InvestigationIt all started with competition from “street food”, then the attacks and confinements ended up undermining these institutions of French gastronomy. Today, among these centenarians, to each his own recipe to try to stick to his time.
The silver business card of David Holder, CEO of Ladurée, expresses his title in gold letters: ” President. Dream Leader [meneur de rêve]. » At one time, David Holder’s mission could indeed be a dream: to develop a pastry brand founded under Napoleon III, in a market that was not very competitive and fed by tourists eager for French gastronomy. Today, her job seems a bit less magical: “If I don’t react, Ladurée will be buried alive”, he sums up.
“A burger is not Dalloyau. A good blanquette, yes. »Marie-Charlotte Familiades, Retail Director of Dalloyau.
Not all bosses are outspoken, but Ladurée is not the only company to find itself in a delicate situation. Fauchon, Lenôtre, Dalloyau, Angelina… the historic brands of French pastry making, which also serve as a tea room or caterer, are faced with a multitude of obstacles. “We all have beautiful names, but we will not all be able to get by”, sighs Marie-Charlotte Familiades, retail director of Dalloyau, arrived in 2019 (after a receivership in 2017) to revive the brand.

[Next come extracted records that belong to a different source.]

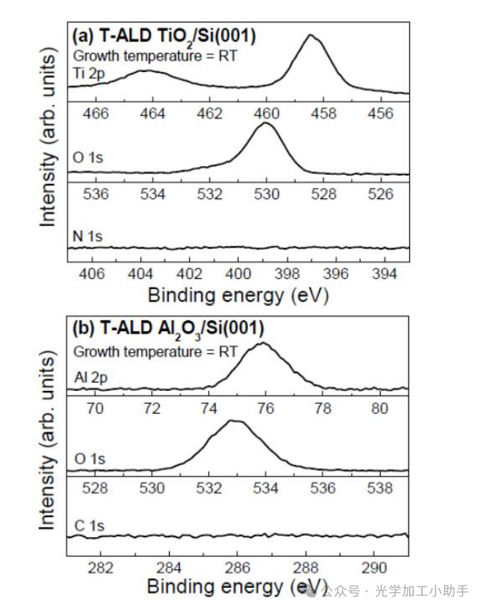 使用 XRD 检查了使用 T-ALD 在室温下生长的Ti02、 Al203和Zno 薄膜的结晶度。此处,Ti02和AI203薄膜显示出不存在任何显着的衍射特征,表明其具有类非晶结构(数据未显示),这与之前的报道非常吻合[10,21]。与两者相比如图。7.(a) Ti02(Ti2p、01s 和 N)的 XPS 光谱1s)和(b)Al203(Al2p、0 1s 和 C 1s)在室温下生长使用 T-ALD 测量温度。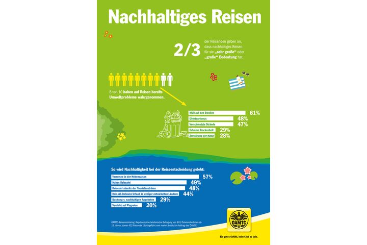 "Rund 80 Prozent der befragten Reisenden haben bereits Umweltprobleme am Urlaubsort wahrgenommen – in Form von Müll auf den Straßen, Übertourismus oder zerstörter Natur", sagt ÖAMTC-Expertin Riedl. Insbesondere in fernen Destinationen wird das häufiger beobachtet. Umweltbewusstes Reiseverhalten legen die Österreicher eher indirekt an den Tag, z.B. indem sie in der Nebensaison verreisen oder ein Reiseziel abseits der Touristenströme wählen. Immerhin jeder Fünfte gab an, im Sinne der Nachhaltigkeit bewusst auf Flugreisen zu verzichten.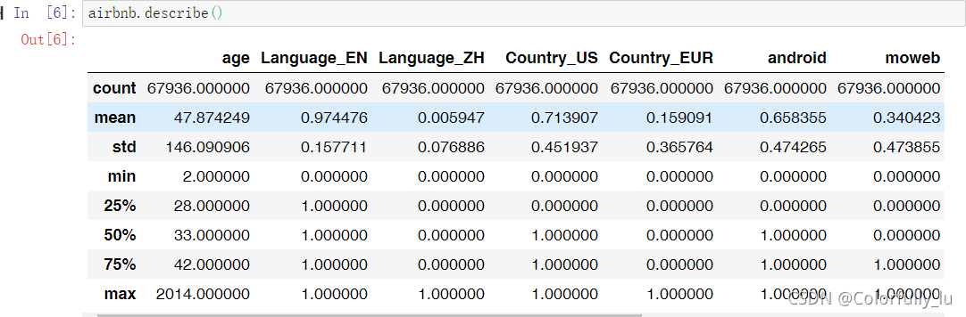 在使用info()和describe()函数查看数据之后,我们发现值得注意的点: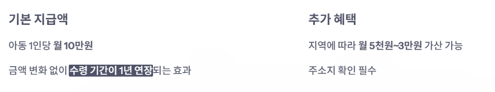 요약: 월 10만원은 그대로일 가능성이 크고, 진짜 차이는 “만 8세까지 1년 연장 + (해당 시) 지역 가산”입니다.
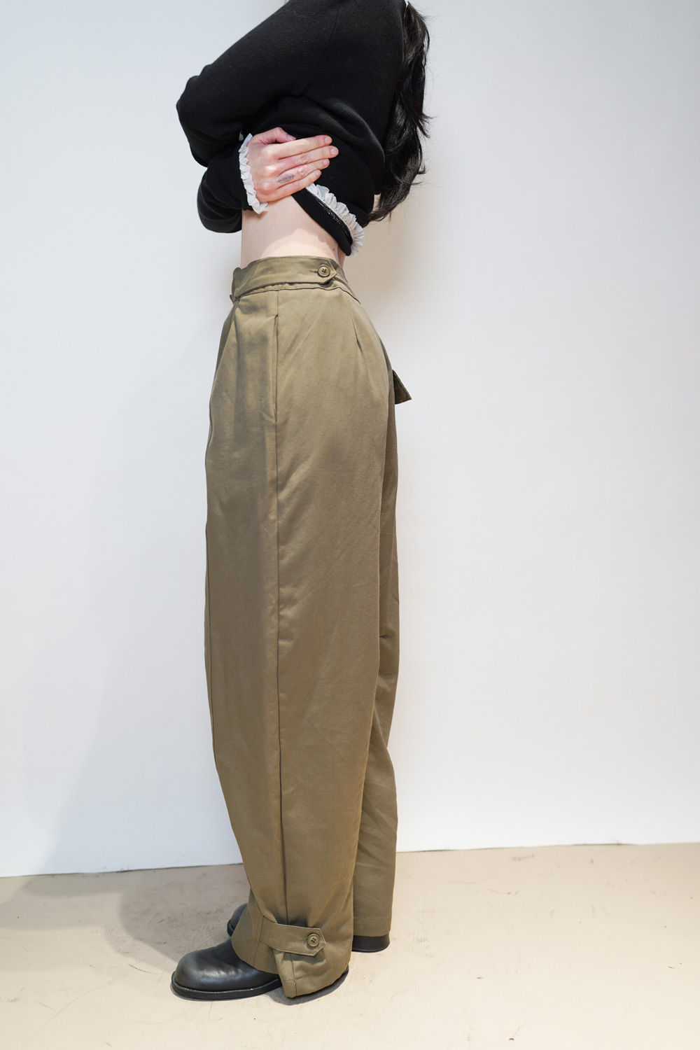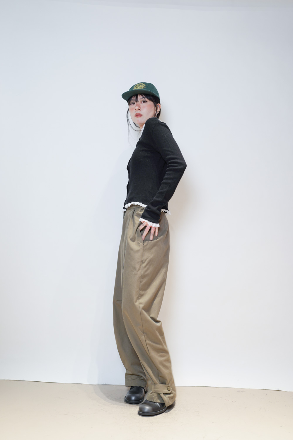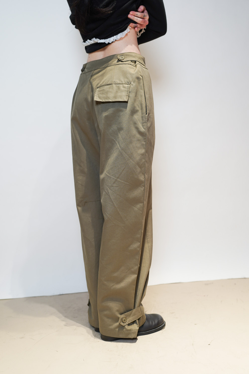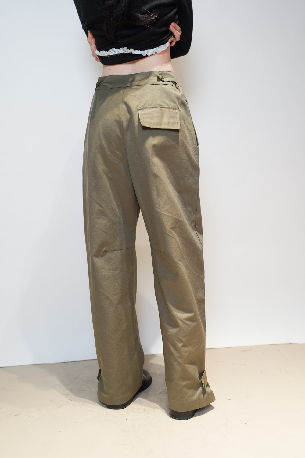 Side buttons slim carrot army pants (GREEN/ BLACK)-Free size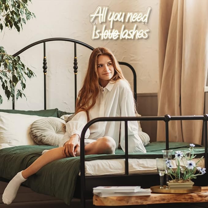WLHOPE All you need is Lashes Neon Sign, Warm White Led Neon Signs for Wall Decor, USB Lash Neon Signs Letter Neon Lights for Bedroom Bar Party Girls Room Nail Room Salon, Lash Room Decoration

And the difficulties do not date from the confinement of March. The first stone in the shoes of these institutions dates from 2010, with the explosion of competition. In Paris and elsewhere, “street food” is essential, an Asian wave is breaking, neighborhood grocery stores are flourishing, all at low prices. In this context, the prawns and rice pilaf with three peppers at 22 euros at Lenôtre (without specifying the origin of the products) or the club sandwich at 18 euros at Ladurée lose some of their superb … “Until this year, the Dalloyau catering card changed every six months. But it is not possible to be good and seasonal in these conditions! “, admits Marie-Charlotte Familiades.
On the sweet side, these brands were unable to anticipate the arrival of new competitors, although most of them were trained within them. Fauchon saw the emancipation of Pierre Hermé (also passed through Lenôtre and Ladurée), Christophe Michalak, Sébastien Gaudard or Cédric Grolet; Christophe Adam, also formerly of Fauchon, launched a fashion of single-product signs (dedicated to éclairs, cabbages, marvels, etc.).
“Young neighborhood pastry chefs have shaken up the market. I didn’t see them coming, I was too focused on international development ”, admits David Holder of Ladurée. This is also true for Fauchon, Dalloyau or Lenôtre, which then developed in the Middle East or Asia, and hardly worried about competition in France where tourists run their business.